The relationship between maternal hypertensive disease of pregnancy and the incidence of idiopathic respiratory distress syndrome.

作者信息

Yoon J J, Kohl S, Harper R G

出版信息

Pediatrics. 1980 Apr;65(4):735-9.

PMID:7367080
Abstract

The relationship between maternal hypertensive disease of pregnancy (HDOP) and idiopathic respiratory distress syndrome (IRDS) was analyzed in 2,105 premature infants weighing between 1,000 and 2,199 gm and born between January 1968 and December 1975 at the Kings County Hospital Center and State University Hospital. HDOP was diagnosed in 250 mothers of 2,105 infants studied. The incidence of IRDS (15.2%) in the HDOP group was significantly lower than the 29.9% in the non-HDOP group (P less than .001). In infants whose gestational age was 32 weeks or less, the incidence of IRDS was 26.1% in the HDOP group and 40.8% in the non-HDOP group (P less than .01). In infants whose gestational age was 33 weeks or more, the incidence (9.3%) in the HDOP group was significantly lower than the 18.4% in the non-HDOP group (P less than .005). The low incidence of IRDS in the HDOP group remained even after eliminating infants with known predisposing and protecting factors from the development of IRDS. The incidence of IRDS was inversely related to the severity of maternal toxemia.
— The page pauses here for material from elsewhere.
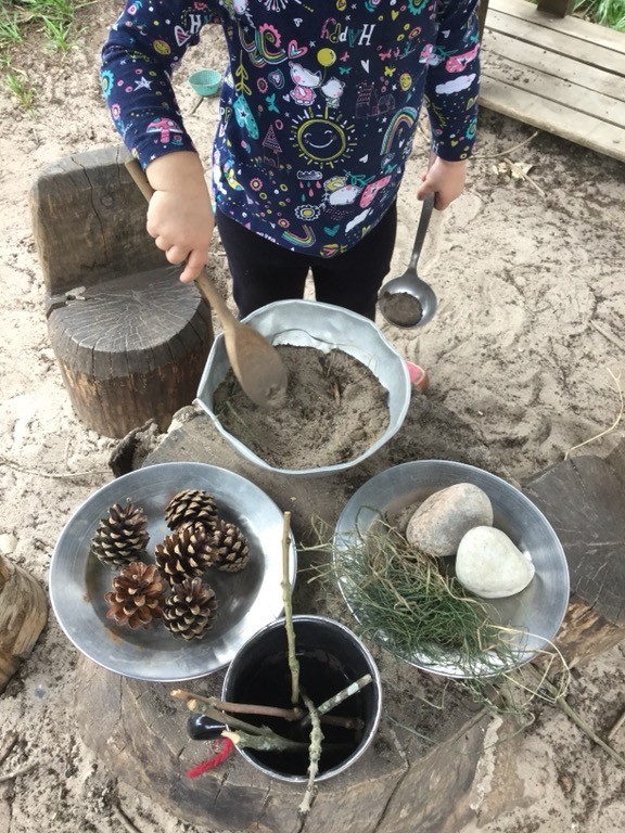 The mud kitchen, mixing soil and water to create pies/ imaginary food to develop their make believe stories.

The total mortality and mortality with IRDS were not significantly different in both HDOP and non-HDOP groups. When the infants did not develop IRDS, the mortality rate in the HDOP group was significantly higher than that in the non-HDOP group especially in the lower gestational age group. These data suggest that chronic stress accelerates fetal lung maturation and severe chronic stress is even more effective in accelerating fetal lung maturation. When maternal toxemia was severe enough to accelerate the fetal lung maturation, the mortality rate of the infants without IRDS increased.

摘要

对1968年1月至1975年12月在国王郡医院中心和州立大学医院出生的2105名体重在1000至2199克之间的早产儿,分析了妊娠高血压疾病(HDOP)与特发性呼吸窘迫综合征(IRDS)之间的关系。在研究的2105名婴儿中,有250名母亲被诊断患有HDOP。HDOP组中IRDS的发生率(15.2%)显著低于非HDOP组的29.9%(P<0.001)。在胎龄32周及以下的婴儿中,HDOP组中IRDS的发生率为26.1%,非HDOP组为40.8%(P<0.01)。在胎龄33周及以上的婴儿中,HDOP组的发生率(9.3%)显著低于非HDOP组的18.4%(P<0.005)。即使从IRDS的已知易患和保护因素中排除婴儿后,HDOP组中IRDS的低发生率仍然存在。IRDS的发生率与母亲毒血症的严重程度呈负相关。HDOP组和非HDOP组的总死亡率和伴有IRDS的死亡率没有显著差异。当婴儿未发生IRDS时,HDOP组的死亡率显著高于非HDOP组,尤其是在较低胎龄组。这些数据表明,慢性应激会加速胎儿肺成熟,严重的慢性应激在加速胎儿肺成熟方面甚至更有效。当母亲毒血症严重到足以加速胎儿肺成熟时,无IRDS婴儿的死亡率会增加。